#### PROBLEM
Your reply should reproduce all the data below exactly while excluding the pictures.

***** THE DATA

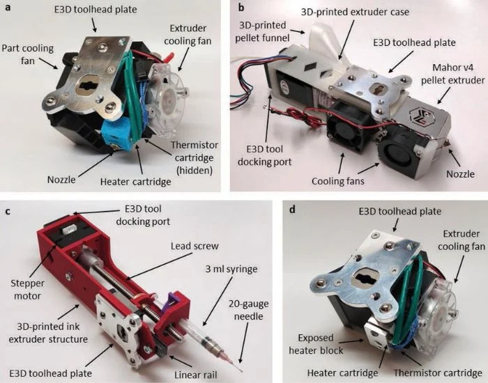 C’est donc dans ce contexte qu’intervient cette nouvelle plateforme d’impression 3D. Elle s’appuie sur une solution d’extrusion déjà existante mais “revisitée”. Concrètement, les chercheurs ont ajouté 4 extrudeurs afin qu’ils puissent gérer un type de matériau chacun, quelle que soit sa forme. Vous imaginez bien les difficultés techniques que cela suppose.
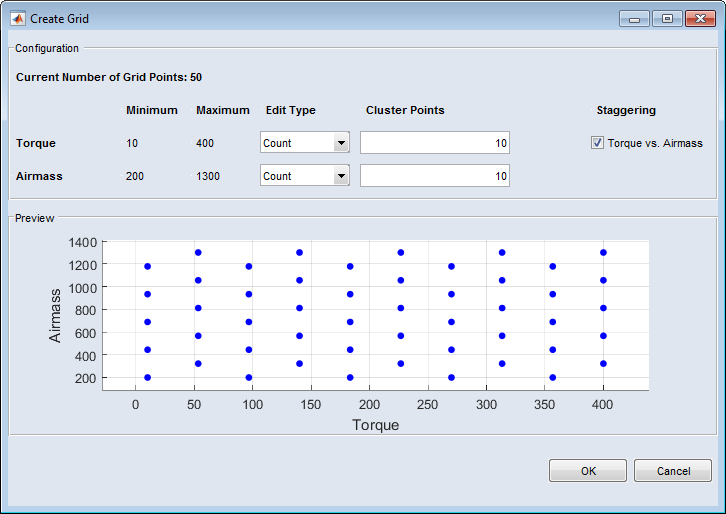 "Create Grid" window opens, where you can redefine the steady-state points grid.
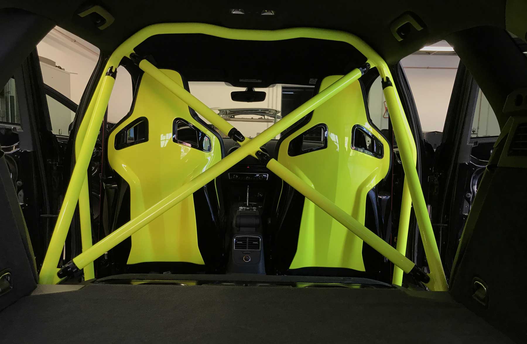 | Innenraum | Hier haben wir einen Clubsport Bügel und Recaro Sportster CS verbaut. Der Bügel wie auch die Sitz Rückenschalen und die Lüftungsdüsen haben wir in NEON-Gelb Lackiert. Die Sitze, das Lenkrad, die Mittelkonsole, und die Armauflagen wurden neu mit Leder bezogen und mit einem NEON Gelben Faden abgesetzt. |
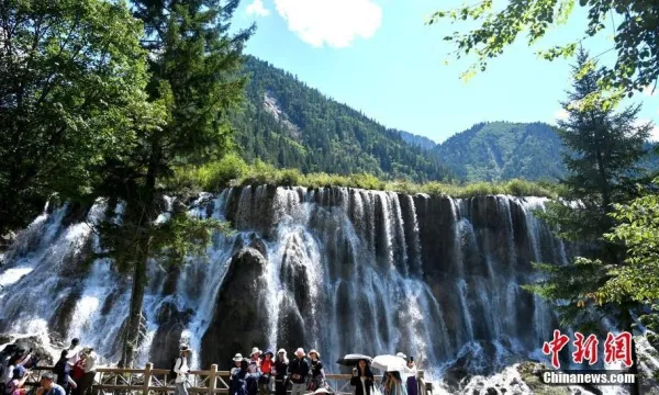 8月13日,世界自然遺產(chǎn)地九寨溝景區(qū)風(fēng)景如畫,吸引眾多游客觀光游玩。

**********

#### SOLUTION TO THE PROBLEM
 C’est donc dans ce contexte qu’intervient cette nouvelle plateforme d’impression 3D. Elle s’appuie sur une solution d’extrusion déjà existante mais “revisitée”. Concrètement, les chercheurs ont ajouté 4 extrudeurs afin qu’ils puissent gérer un type de matériau chacun, quelle que soit sa forme. Vous imaginez bien les difficultés techniques que cela suppose.
 "Create Grid" window opens, where you can redefine the steady-state points grid.
 | Innenraum | Hier haben wir einen Clubsport Bügel und Recaro Sportster CS verbaut. Der Bügel wie auch die Sitz Rückenschalen und die Lüftungsdüsen haben wir in NEON-Gelb Lackiert. Die Sitze, das Lenkrad, die Mittelkonsole, und die Armauflagen wurden neu mit Leder bezogen und mit einem NEON Gelben Faden abgesetzt. |
 8月13日,世界自然遺產(chǎn)地九寨溝景區(qū)風(fēng)景如畫,吸引眾多游客觀光游玩。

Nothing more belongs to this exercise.